Saturday, August 7, 2010

#14


The little red fish with the worried face is nowhere to be found. Everyone else is accounted for - and even seem more at ease that last time we shared this space. The waiting room is louder this time. A gang of children are screaming at the fish tank, a pack of women are boisterously speaking some language that I don't understand...although it could be english...and a worried woman is sitting alone making constant phone calls. The bumble bee lady is dressed like a spearmint candy cane today - she is yelling far less than she was last week.
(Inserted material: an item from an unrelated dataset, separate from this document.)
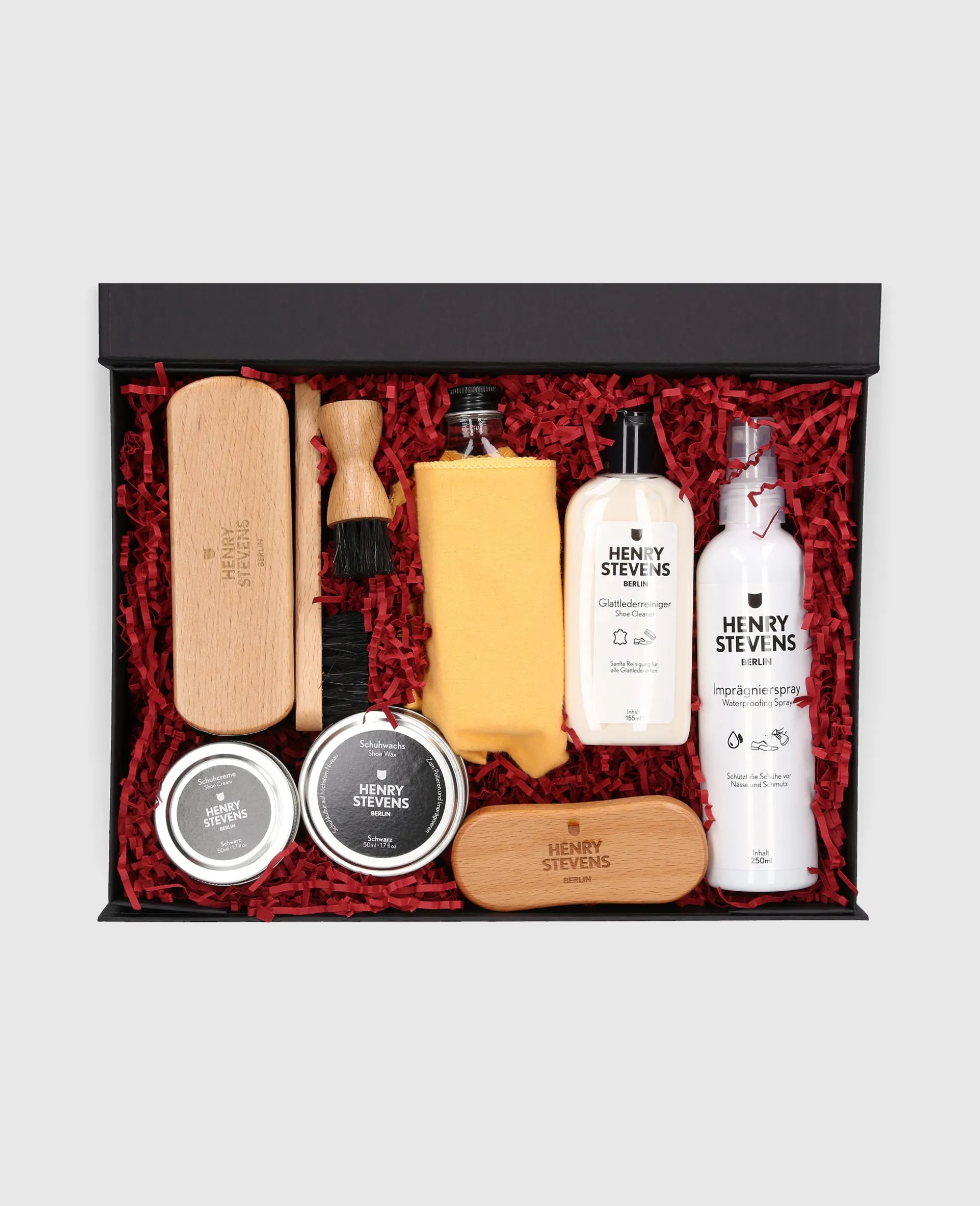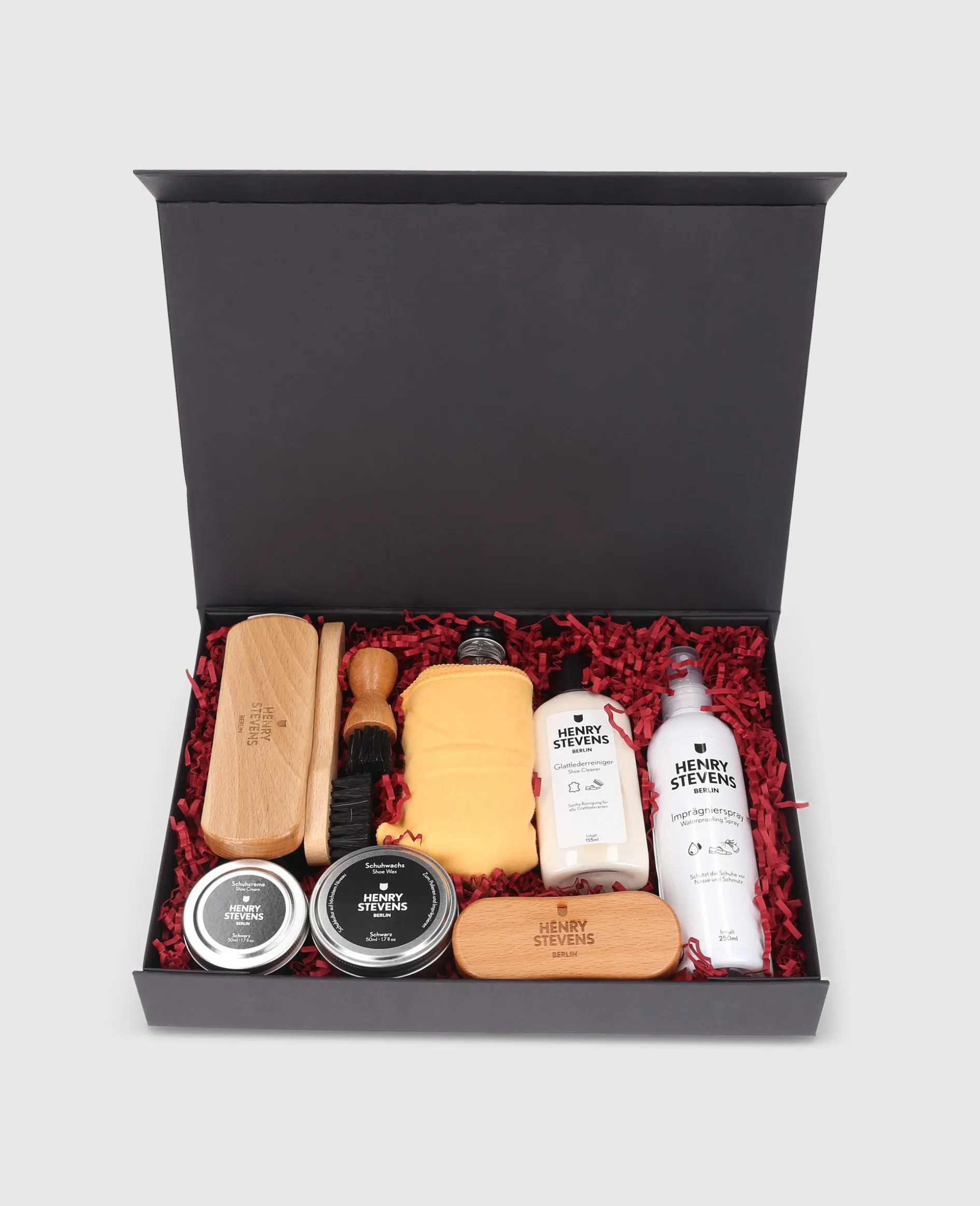 Verleihen Sie Ihren Schuhen Festtagsglanz mit dem exklusiven Schuhpflegeset von Henry Stevens. In klassischem Schwarz gehalten, vereint es Pflege der Spitzenqualität und stilvolle Eleganz – ein unverzichtbares Accessoire für anspruchsvolle Schuhliebhaber. Von hochwertigen Bürsten bis zu Creme und Wachs – ideal für makellos gepflegte Schuhe. Professionelle Pflege verpackt mit weihnachtlichem Charme sorgt für alle Ihre Ansprüche an die Schuhpflege.

She remembered me.
Brendan seems far less nervous about this trip in to surgery, and we get a solid half an hour of hanging out and joking until the anesthesiologist - Dr. Martini - injects him with her drug. Brendan quickly goes from normal to glazed over and starts giggling - my laughing makes his worse and they wheel him away with a silly grin all over his face.
The time goes by fast with your nose in an MCAT study book - but when Dr. Buffa (Brendan's surgeon for today) finally came over to talk to me I realized it had been an hour. A longer time than they quoted me as they wheeled him in. He was brief, and told me Brendan was to see him in one week to make sure all was progressing well with this port.
A few minutes later, the bee-turned-candy-cane tells me Brendan is behind curtain #14 - and to go ahead and find him.
I gleefully sauntered toward #14, focused on searching for the curtain number rather than the reality of what would be waiting for me once I got there. I have no illusions that watching my little brother - one of my best friends, my oldest friend - endure cancer wouldn't be hard. I guess I just thought it would get hard once he started treatment - not before.
Naive.
Sitting in a pale, tattered recliner in #14 was a pale, tattered Brendan. I'm sure he saw my smile vanish as I walked closer, and I'm assuming I did a horrible job emitting positivity. His eyes were heavy, his mouth closed in a tight-lipped partial frown, and when our eyes met he winced and sucked in air through clenched teeth. I tried to recover by complimenting the walls his "room" now had (upgrade from just curtains) but he didn't crack a smile. I asked him if it hurt and he didn't respond - just pulled down his smock revealing a new lump in his chest covered in gauze - the port. I winced and made the same air sucking through clenched teeth noise. He slowly asked me to describe how it looked because he couldn't see it - so I took a picture of it with my phone and showed it to him. He mumbled to take a picture of him in the whole get-up, and I took one that he managed a smirk for. I don't know if he knew I took two - but the second one is honest. You can see every ounce of pain.
It's goddamn heart breaking.
Fucking heartbreaking.
We sat in that room for awhile - both of us talking only a little - before an unhelpful nurse finally came around to release him. She mentioned to see Dr. Buffa in a week and I was horrified to realize I had forgotten all about that instruction in the midst of this distraction. So maybe the nurse was more helpful than I initially gave her credit for. Brendan slowly dressed after his IV was removed and I dropped him off at home so that he could pack a bag for Heather's, eat some food, and take some vicodin while I got us some coffee.
By the time I got back, Brendan had devoured his food and had made me a sandwich - he already seemed to be feeling better. Two vicodin and 20 minutes later, Brendan was back to normal - talking and joking while we sat in traffic on the way to Villa Park. I dropped him off at Heather's and promised to join him the next afternoon at Dr. Rose's office when we get the remainder of the test results back.

I listened to nothing memorable on my solo car ride.
A few tears jingled down from frustrated eyes once or twice.
I hadn't been ready for today and I felt guilty about it. I felt useless, and helpless, and irresponsible. I hate that I forgot Dr. Buffa telling me Brendan had to make an appointment in a week. I hate that I have no list of intelligent questions for these doctors about my brother, and I hate - most of all - that it's only going to get harder for Brendan from here on out.
I'm assuming we can only get better though. We will all learn the best way to fight these battles. I am thankful every day for my brother, and that he still lets me accompany him through this even though I'm not the best at it. Yet.

1 comment:

  1. Odd how the word "fucking" appears as a label in this chapter. It would have been funnier and more meaningful if it had been in front of "port catheter", though.

    We're thinking of Brendan, you, and your family, and looking forward to the walk.